BEIR/SciFact (5,183 docs, 300 queries)

Engine Latency Recall@10 NDCG@10 QPS
vajra 0.14ms 78.9% 67.0% 7,133
bm25s 0.18ms 77.4% 66.2% 5,512
tantivy 0.28ms 72.5% 60.0% 3,539

Wikipedia/200K (200,000 docs, 500 queries)

Engine Latency Recall@10 NDCG@10 QPS
vajra 0.89ms 44.4% 35.1% 1,125
bm25s 1.08ms 44.6% 35.2% 925
tantivy 6.68ms 45.6% 36.4% 150

Wikipedia/500K (500,000 docs, 500 queries)

Engine Latency Recall@10 NDCG@10 QPS
vajra 1.89ms 49.6% 36.7% 529
bm25s 2.45ms 49.8% 37.1% 409
tantivy 5.52ms 51.6% 38.3% 181

Wikipedia/1M (1,000,000 docs, 500 queries)

Engine Build Time Latency Recall@10 NDCG@10 QPS
vajra 17.0 min 3.40ms 45.6% 36.3% 294
bm25s 11.3 min 5.44ms 45.8% 36.7% 184

Key observations:

  • Vajra is ~1.3-1.6x faster than BM25S on single queries across corpus sizes
  • Sub-4ms latency even at 1M documents
  • Competitive accuracy: within 1% NDCG of BM25S
  • Optimized index building with per-document array concatenation

Caching for Production Workloads

For production systems with repeated queries, Vajra includes built-in LRU caching:

Scenario Typical Latency Explanation
First query (cold) 0.14-3.5ms Full BM25 computation (scales with corpus)
Repeated query (cached) ~0.001ms LRU cache hit, near-instant

Enable caching by setting cache_size (default: 1000):

engine = VajraSearchOptimized(corpus, cache_size=1000)

How Vajra Achieves Performance

  1. Eager Score Matrix: Pre-computes BM25 term-document scores at index time
  2. Sparse Matrices: Avoids computation on ~99% zeros in the term-document matrix
  3. Vectorized NumPy/SciPy: Uses SIMD instructions for batch scoring
  4. Numba JIT: Optional compiled scoring loops for additional speedup
  5. LRU Caching: Optional query result caching for repeated queries

For detailed benchmark methodology and results, see docs/benchmarks.md.

Running Benchmarks

The benchmark system includes progress display, automatic file output, and index caching to avoid expensive rebuilds.

# Install benchmark dependencies
pip install vajra-bm25[optimized] rank-bm25 bm25s beir rich tantivy

# Optional: Pyserini (requires Java 11+)
pip install pyserini

# Quick start: Run BEIR SciFact benchmark (small dataset, ~5K docs)
python benchmarks/benchmark.py --datasets beir-scifact

# Run Wikipedia benchmarks (requires downloading data first)
python benchmarks/download_wikipedia.py --max-docs 200000
python benchmarks/benchmark.py --datasets wiki-200k

# Run multiple datasets
python benchmarks/benchmark.py --datasets beir-scifact beir-nfcorpus wiki-200k wiki-500k

# All engines comparison
python benchmarks/benchmark.py --datasets beir-scifact \
    --engines vajra vajra-parallel bm25s tantivy pyserini

# Force rebuild indexes (skip cache)
python benchmarks/benchmark.py --datasets wiki-200k --no-cache

Output files:

  • results/benchmark_results.json - Structured JSON with detailed metrics
  • results/benchmark.log - Human-readable log (appended each run)
  • .index_cache/ - Cached indexes for faster subsequent runs

Available datasets: beir-scifact, beir-nfcorpus, wiki-100k, wiki-200k, wiki-500k, wiki-1m, custom

Available engines: vajra, vajra-parallel, bm25s, bm25s-parallel, tantivy, pyserini, rank-bm25

Note: Pyserini requires Java 11+ installed.
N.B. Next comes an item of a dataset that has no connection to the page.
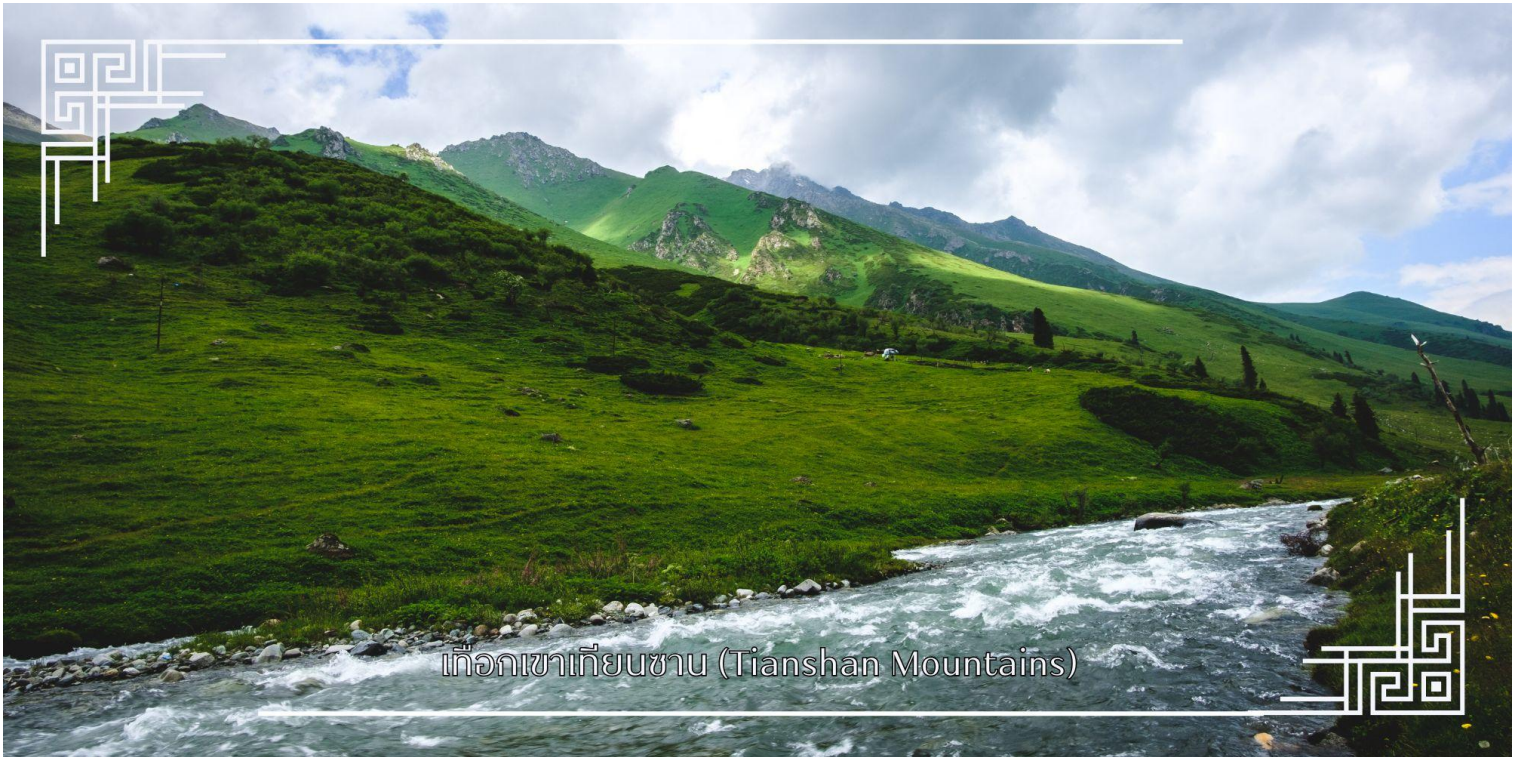
เทือกเขาเทียนชาน (Tianshan Mountains)

On macOS: brew install openjdk@21

Supported Formats

JSONL Format

Vajra uses JSONL for corpus persistence:

{"id": "doc1", "title": "First Document", "content": "Content here"}
{"id": "doc2", "title": "Second Document", "content": "More content"}

Load and save:

# Save
corpus.save_jsonl("corpus.jsonl")

# Load
corpus = DocumentCorpus.load_jsonl("corpus.jsonl")

PDF Support

Vajra can index and search PDF documents directly (requires pip install vajra-bm25[pdf]):

from vajra_bm25 import DocumentCorpus, VajraSearchOptimized

# Load a single PDF
corpus = DocumentCorpus.load_pdf("research_paper.pdf")
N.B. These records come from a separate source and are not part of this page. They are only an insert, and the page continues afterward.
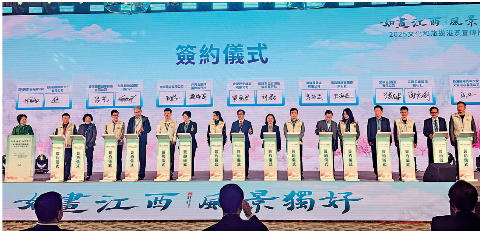
▲嘉賓出席江西省重點旅行社與香港部分門市的合作協議簽約儀式。

江西與香港地緣相近、文脈相通、經濟相融，兩地在文化和旅遊交流方面具備天然優勢。為深化贛港文化旅游合作，促進產業共同發展，江西省文化和旅遊廳聯合亞洲旅遊交流中心於本月舉辦「『Discover Jiangxi』文化和旅遊宣傳推廣活動」。其中，「如畫江西 風景獨好」文化和旅遊（香港）推介會及啟動儀式昨日舉辦，並同步進行江西省重點旅行社與香港部分門市的合作協議簽約儀式。
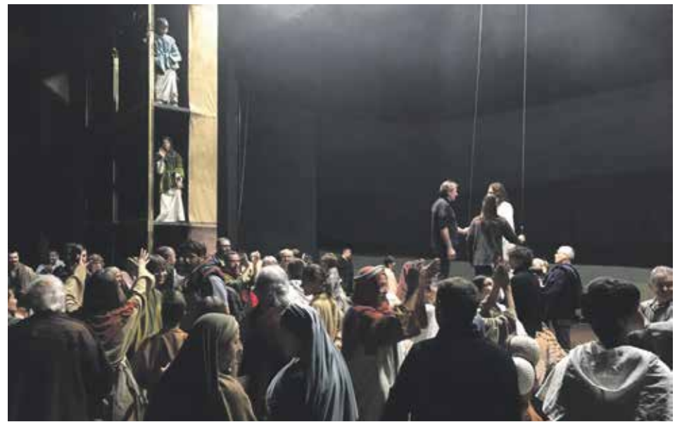
Fins l'any que vé
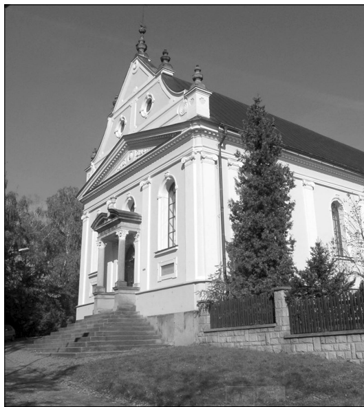
Kostel Horního sboru na Vsetíně

V neděli 1. června se rozjedou synodálové do více jak dvaceti okolních sborů, aby zde vykonali bohoslužby a informovali o průběhu a závěrech jednání synodu. Každý sbor v okolí navštíví skupinka 3–4 poslanců z jednoho seniorátu. Oficiální ukončení synodu bude při nedělních bohoslužbách v kostele Horního sboru.
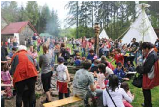
Den Země u Říčanské hájovny
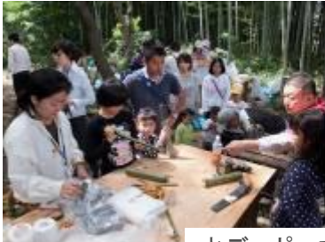
水デッポーを作って遊ぶ
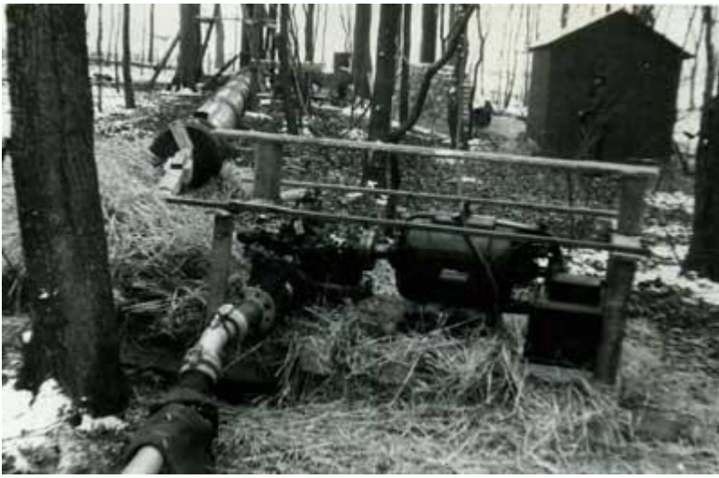
Provisorisk pumpning , februari 1947.

# Load all PDFs from a directory
corpus = DocumentCorpus.load_pdf_directory("./papers/")

# Load recursively from subdirectories
corpus = DocumentCorpus.load_pdf_directory("./papers/", recursive=True)

# Auto-detect format (JSONL, PDF, or directory)
corpus = DocumentCorpus.load("./my_data")  # Works with any format

# Build index and search
engine = VajraSearchOptimized(corpus)
results = engine.search("attention mechanism transformer", top_k=10)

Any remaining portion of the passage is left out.